## EXERCISE
In your reply, repeat every entry exactly and skip over each picture.

=======

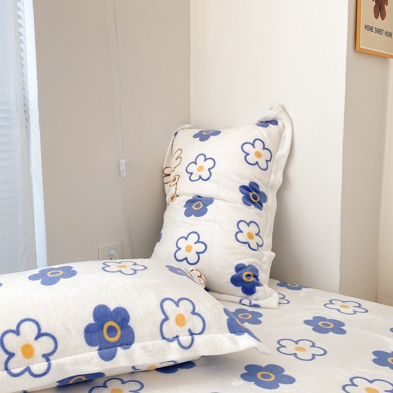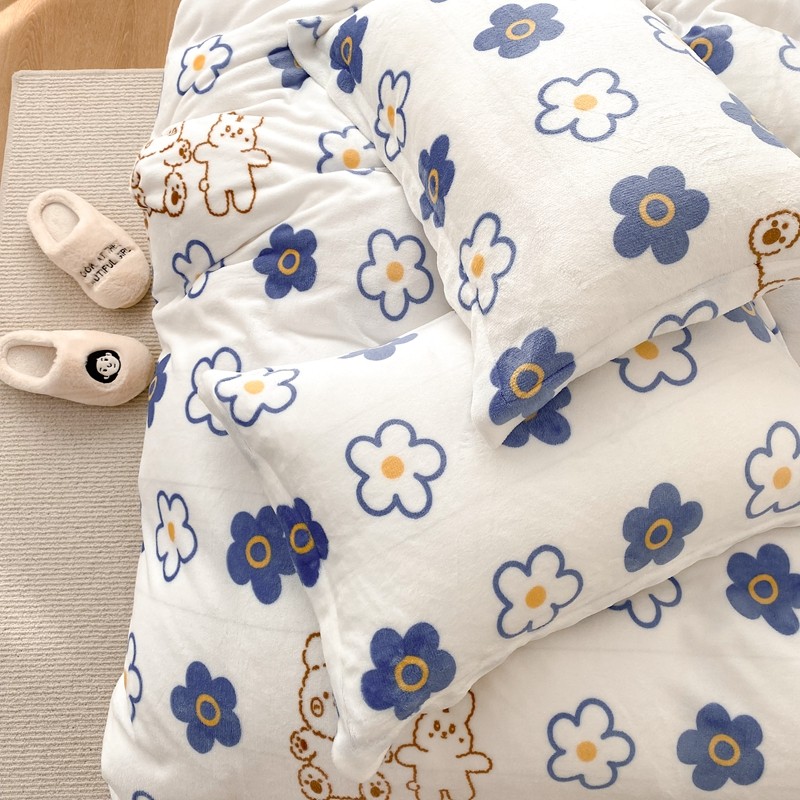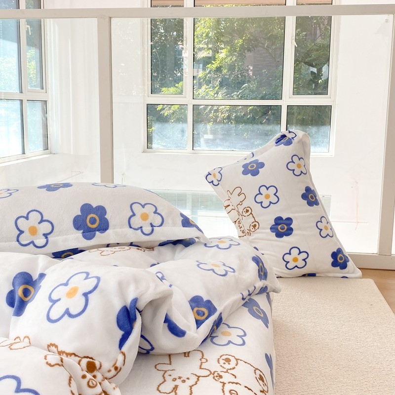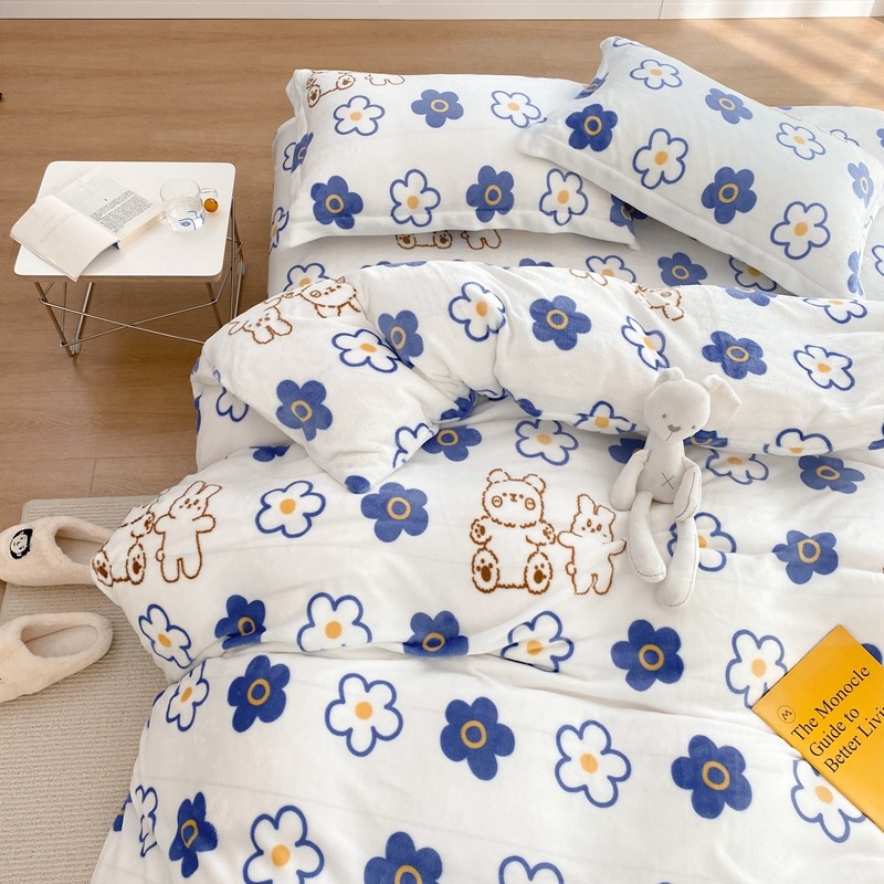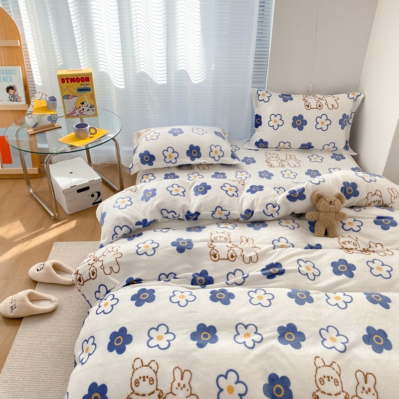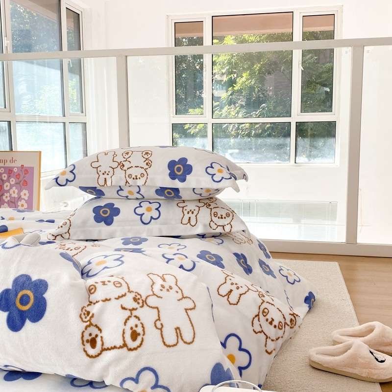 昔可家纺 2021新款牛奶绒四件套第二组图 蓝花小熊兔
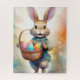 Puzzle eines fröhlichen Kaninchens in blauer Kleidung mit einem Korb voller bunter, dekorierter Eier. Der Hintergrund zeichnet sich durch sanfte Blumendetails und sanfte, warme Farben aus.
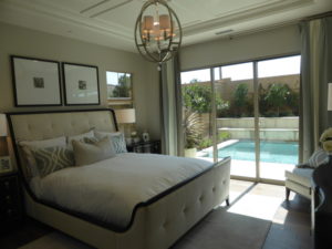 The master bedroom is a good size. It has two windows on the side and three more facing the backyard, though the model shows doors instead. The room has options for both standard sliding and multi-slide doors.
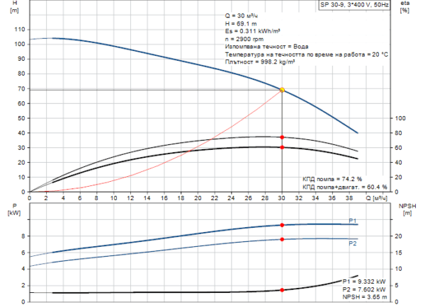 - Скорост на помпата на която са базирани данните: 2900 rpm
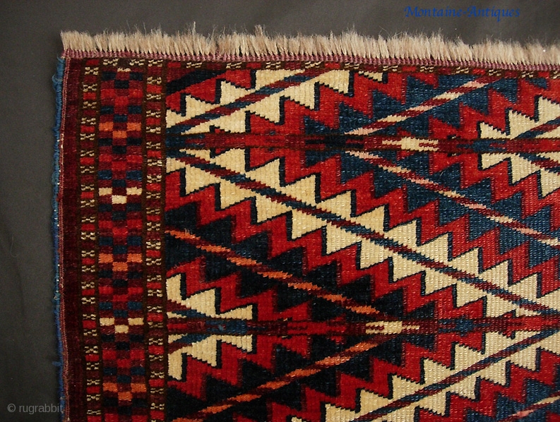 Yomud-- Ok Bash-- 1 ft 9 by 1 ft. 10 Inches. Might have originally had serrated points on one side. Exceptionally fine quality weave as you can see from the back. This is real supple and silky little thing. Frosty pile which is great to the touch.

=======

## RESPONSE AREA
 昔可家纺 2021新款牛奶绒四件套第二组图 蓝花小熊兔
 Puzzle eines fröhlichen Kaninchens in blauer Kleidung mit einem Korb voller bunter, dekorierter Eier. Der Hintergrund zeichnet sich durch sanfte Blumendetails und sanfte, warme Farben aus.
 The master bedroom is a good size. It has two windows on the side and three more facing the backyard, though the model shows doors instead. The room has options for both standard sliding and multi-slide doors.
 - Скорост на помпата на която са базирани данните: 2900 rpm
 Yomud-- Ok Bash-- 1 ft 9 by 1 ft. 10 Inches. Might have originally had serrated points on one side. Exceptionally fine quality weave as you can see from the back. This is real supple and silky little thing. Frosty pile which is great to the touch.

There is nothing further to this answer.